What did our Founding Fathers hope for in a president? How about a war hero who sacrificed again and again for the love of his country? How about a veteran of the Senate who has tirelessly put America first?

Senator McCain, fads come and go, but they don’t last. You are not a fad. You are the real deal, Senator. We could never question your commitment. We can’t question your experience. We can’t question your associations and your motivations.

You have always been proud of America. You have always put your country first. And for that, we say, “Thank you, Senator.”

The person who really did an excellent job of pointing out why McCain is the right person for the presidency right now is California Governor Arnold Schwarzenegger.  Here’s a video clip of Schwarzenegger speaking to those assembled at a McCain rally in Columbus, Ohio, during the past week.
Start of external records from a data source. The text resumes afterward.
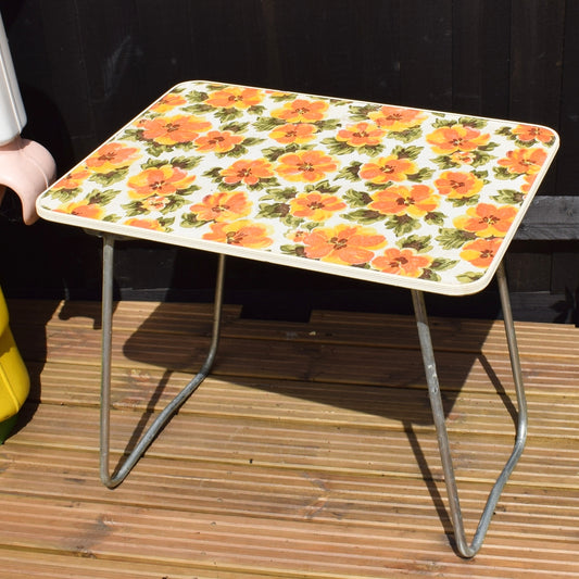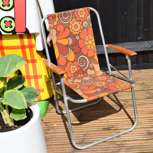 Vintage 1960s Folding, Garden Chair - Flower Power - Orange & Brown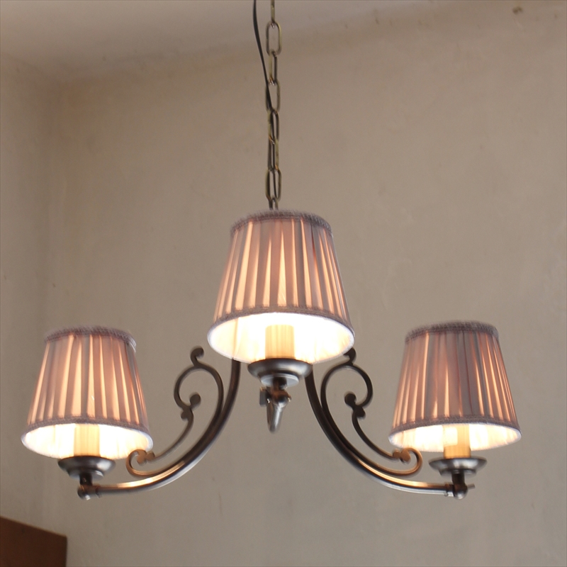 レトロなアールヌーボー風の真鍮ボディに、3灯のロウソク形の電球を合わせたシャンデリアです。布シェードは、直径3?3.5cm程度の電球(シャンデリア球、ミニクリプトン球など)を挟んで設置するタイプです。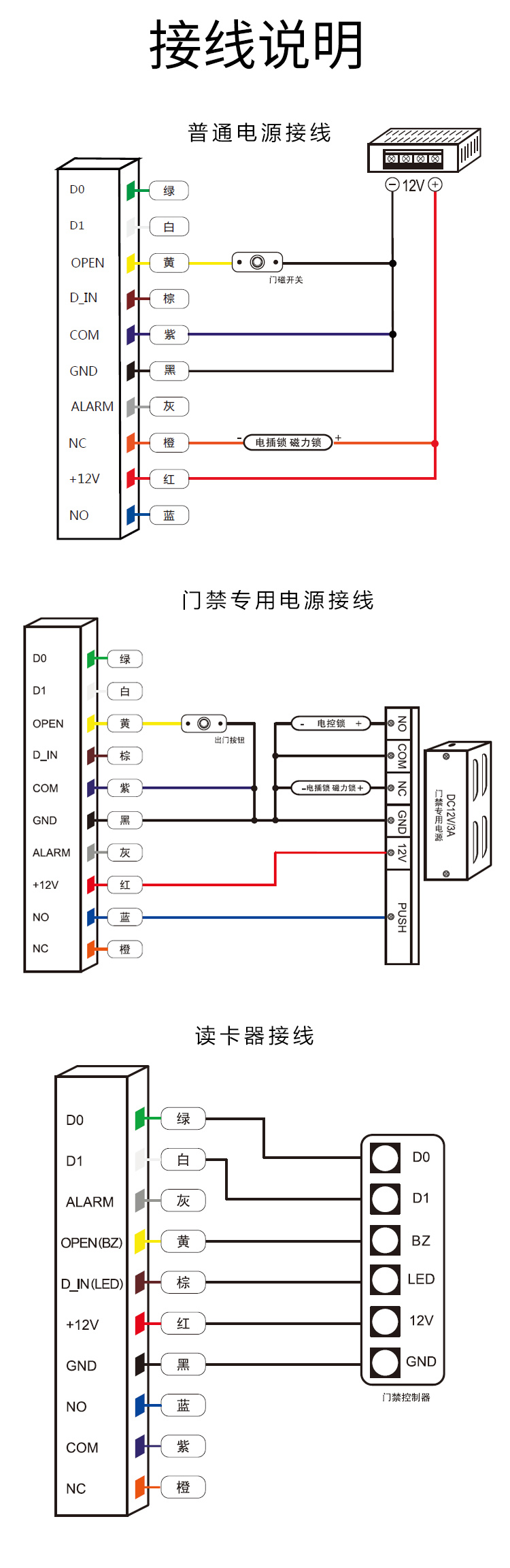 ⑦ 开锁信号采用继电器的NO、NC、COM输出
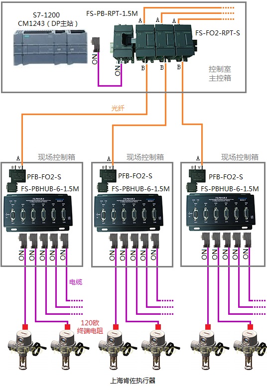 2、采用PROFIBUS集線器加光纖HUB的方案: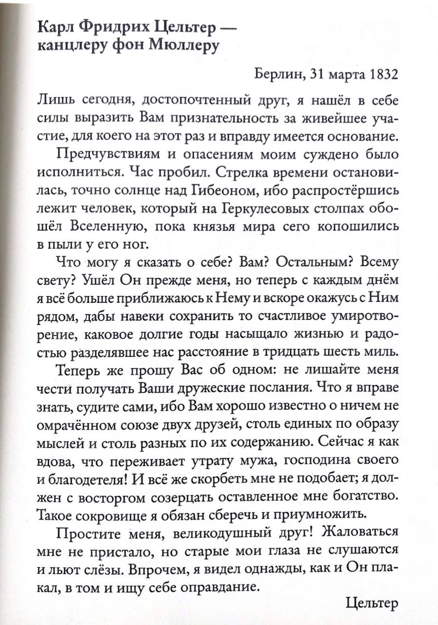 Первое письмо в книге датируется 31 марта 1832 года. Всего несколько дней назад умер Гёте. Композитор и музыкальный педагог Карл Фридрих Цельтер пишет о своих переживаниях смерти поэта в письме канцлеру Великого герцогства Саксен-Веймар-Эйзенахского фон Мюллеру. В этом письме читается глубокая скорбь об утрате не просто видной личности, а чего-то большего и общего.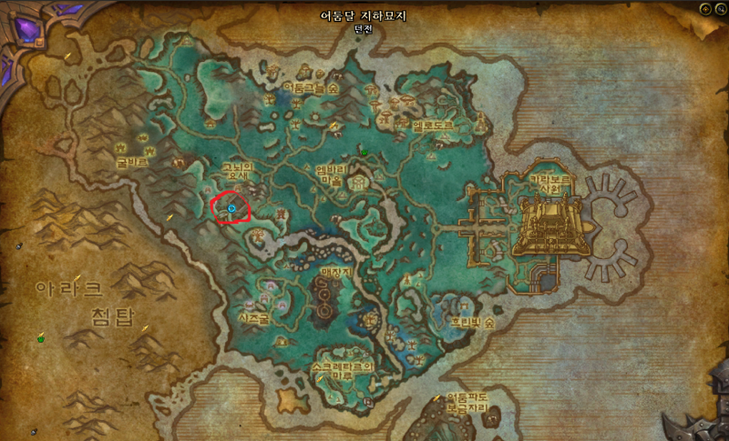 상록숲 입구위치는 고르그론드에 있습니다.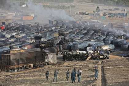 Возле Кабула были подожжены более 400 грузовых автомобилей, перевозивших топливо и масло. Об этом сообщает CNN со ссылкой на афганскую полицию. По предварительным данным, сырье предназначалось для войск НАТО.

At about the 4 minute mark into the video, Schwarzenegger extols McCain by saying, “I only play an action hero in the movies, but John McCain is a real action hero.”  At about 5 minutes and 20 seconds, Schwarzenegger recounts his own migration from the socialism of Europe to the opportunity of America.  He also points out that Europe has had to backpedal on socialism because of its pratfalls, and he points out that America should not be marching toward socialism to find solutions for our economic problems, because socialism doesn’t have the solutions.  The Schwarzenegger speech is definitely worth a listen, so I hope you check it out.

From the Buckeye RINO perspective:

I’m pleased that Senator McCain stopped by Sandusky on his whirlwind campaign tour of Ohio.  On the stump, McCain gave a rousing speech, like the one at the Republican National Convention, imbued with hope, which is a stark contrast with the stump speeches I’ve sampled from Joe Biden.  Obama, on the stump, mocks McCain, but I don’t think there’s really much to mock, even though it has worked wonders on turning Obama into the media darling while placing McCain in the media doghouse.  McCain has not been George W. Bush, despite Obama’s contrary assertions.  McCain has been transparent.  McCain has been bipartisan.  McCain has been true to America even through times of wartime torture, and he has the scars to prove it.  McCain and Palin are firmly committed to reforming Washington DC.  As I noted in Part 9, McCain and Obama should be measured by the content of their character, not the color of their skin.

If you’ve been reading this HOPE ON series, then you are aware of some of the most troubling aspects of the Obama platform.

This is just a partial list, for it doesn’t touch on issues of immigration, abortion, Iraq, Afghanistan, Russia, China, infrastructure, consumer protection, the First Amendment (“fairness doctrine”), the Second Amendment, the Fourth Amendment, the Supreme Court, national defence, housing, the Federal Reserve, states rights, etc.

McCain’s reforms are aimed at increasing the integrity of our nation’s politics.  Obama’s proposed changes, especially in light of how the campaign has been conducted, raise questions about integrity.  McCain is the real reformer, the real maverick, the real change agent, the real action hero, the real deal.